Crucially, the sentence neither physically prevents the defendants from offending again nor, in light of the small fine, sets a deterring example. While the individuals involved might be wary of having to serve their sentences if they offend again, other people with clean records will note the implied low risk of a first offence – even one that inflicts a six-figure bill on the taxpayer.
Such appearances are very damaging to public confidence in our justice system, even if the reality is more complicated. While this may seem a surprisingly light punishment, illegal but non-violent activism does not usually merit a custodial sentence. Nor is it true more generally that the judiciary is treating climate activists, specifically, with kid gloves (in fact, the recent trend is towards exceptionally severe sentences for Just Stop Oil activists, with the most serious cases receiving long custodial terms).
However, the problem is that a cynical narrative is gaining ground online in which the pattern of leniency does indeed run only one way. It feeds on reports like this, with images of climate activists walking free contrasted to the long sentences handed down for social media posts during last year’s riots. (It also blurs in the popular imagination with cases, not the fault of the judiciary, where a jury lets activists off.)

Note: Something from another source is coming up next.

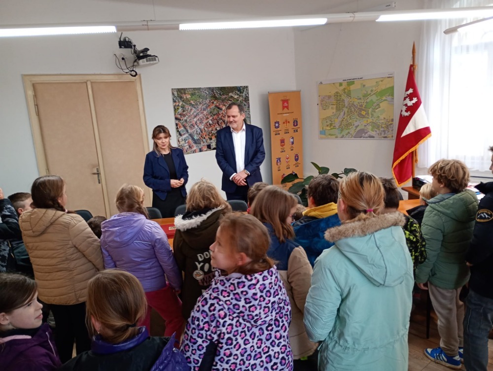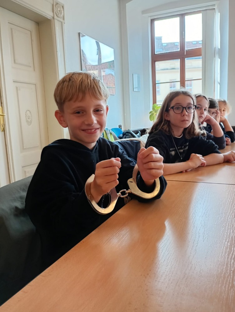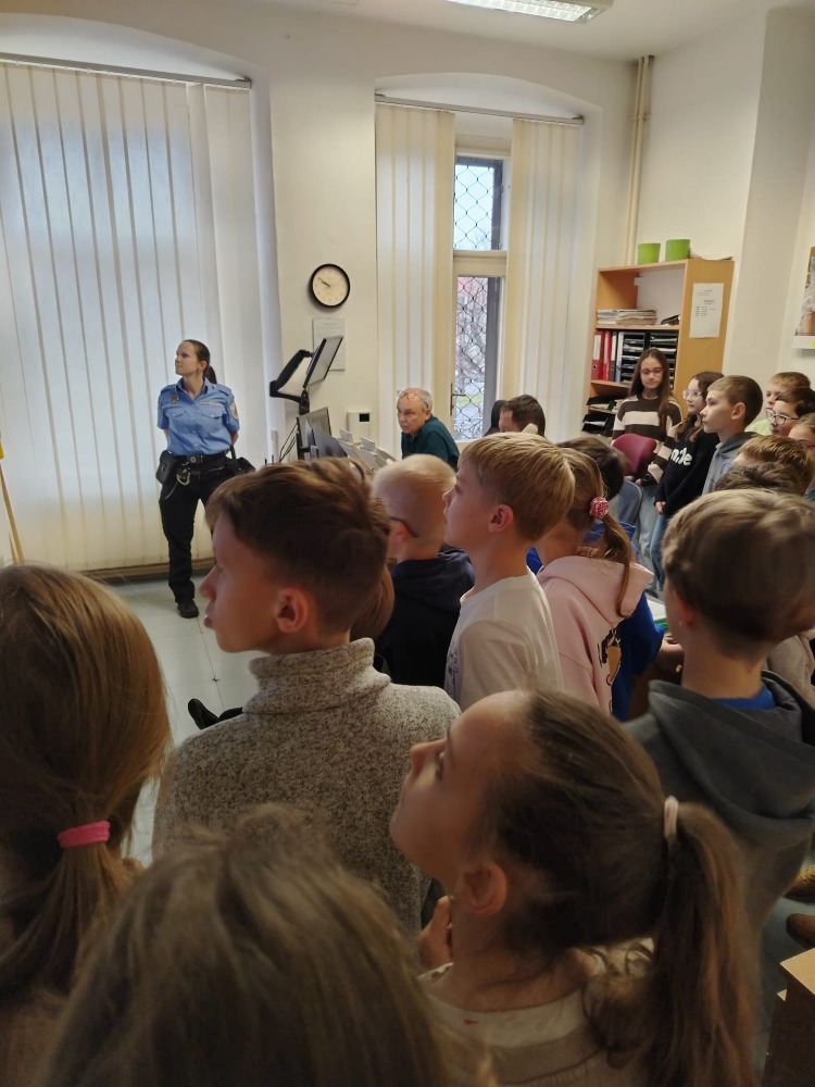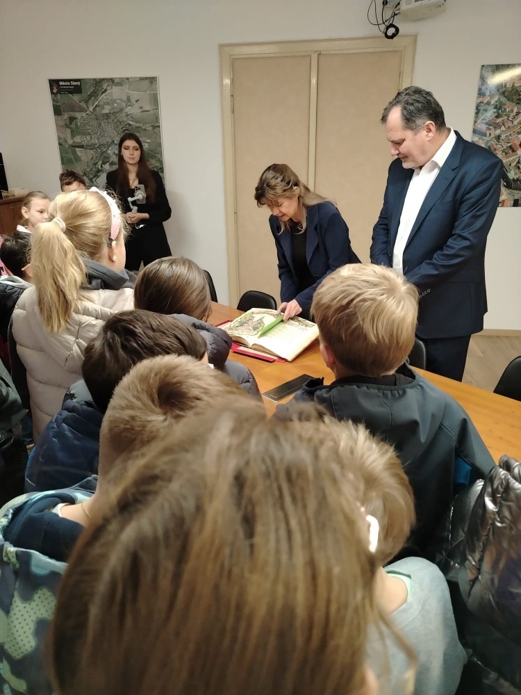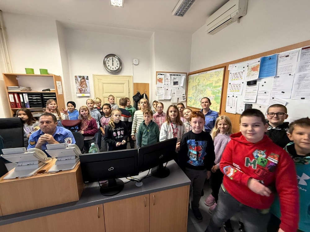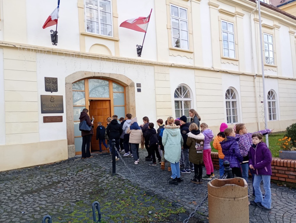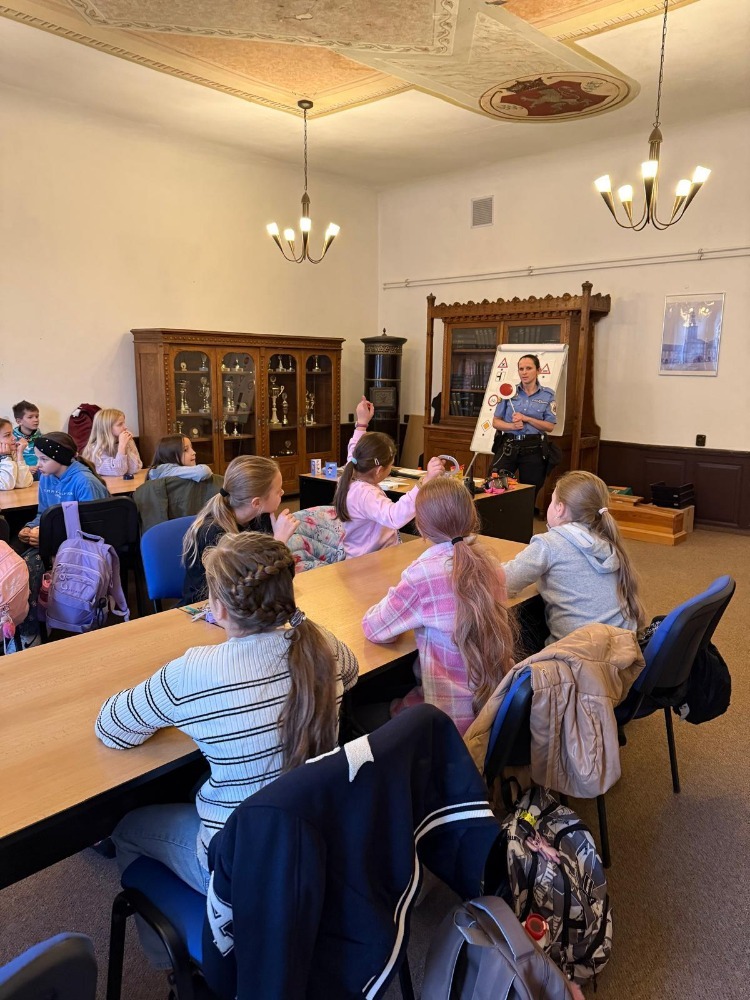 Děti si mohly prohlédnout nejhezčí místnost na úřadu, kterou je obřadní síň a byly nadšené zejména z návštěvy u pana starosty Mgr. Martina Hrabánka v jeho kanceláři, kde si mohly prohlédnout i městskou kroniku. Od paní Burešové ze Správního odboru se žáci dozvěděli spoustu zajímavostí o volbách a mohli nahlédnout do prostor, kde se vydávají občanské průkazy a pasy. Celý program vyvrcholil návštěvou Městské policie. Tam na žáky čekala nejen prohlídka moderního kamerového systému, ale také poutavá ukázka práce strážníků, kteří dětem připomněli zásady bezpečného chování. Na záběrech z kamerového systému mohli žáci pozorovat, co se právě děje u jejich školy. Projektový den se určitě vydařil.

It is not sustainable in a healthy parliamentary democracy to have an emerging belief that street tactics are effective for one side, but dangerous for another, via the selective enforcement of the relevant law – a misconception in many cases, perhaps, but one driven in part by judicial conduct in other spheres, such as the aftermath of last year’s riots.
Yet the judiciary seems not to have realised this; even as they continually expand their role in the governance of Britain, the judges continue to demand the sort of deference (and lack of scrutiny) that attended to their old function.
Back in February, Baroness Carr, the Lady Chief Justice of England and Wales and president of the Sentencing Council), denounced as ‘unacceptable’ the fact that both Keir Starmer and Kemi Badenoch had the temerity, at PMQs, to criticise a recent ruling by the immigration tribunal. Lord Davis, her colleague on the Council, responded to Shabana Mahmood’s initial request that it scrap its two-tier justice plans with a deeply disingenuous and passive-aggressive public letter, the underlying theme of which was ‘How dare you?!’. Last week Lord Hermer, Starmer’s hand-picked Attorney General, branded criticism of judges a threat to ‘judicial independence’ and – of course – ‘the rule of law’.
I set out in a previous piece the logical and moral reasons why Carr is shouting into the wind:
Judges are people, not machines; many of them have strong views on many subjects, and these at least risk shaping the judgments even of the most conscientious. Some famous judges, such as the late Lord Denning, are renowned precisely for their role in driving constitutional change from the bench.
But this is not just a debate on high constitutional principle, confined to worthy journals and genteel seminars. It is increasingly about online rumour, and the way it can seize on ill-considered words by a judge and twist them to fit a corrosive narrative. Indeed, perhaps the judiciary’s best hope is not to resist transparency, but to open the door much further.
Baroness Carr is certainly going to have to come to terms with a world in which she and her colleagues are scrutinised as never before, however she feels about it. But that makes the need for more actual reform more urgent – and if the Sentencing Council’s eleventh-hour capitulation on pre-sentencing reports is anything to go by, the judiciary is going to have to be dragged into the new era.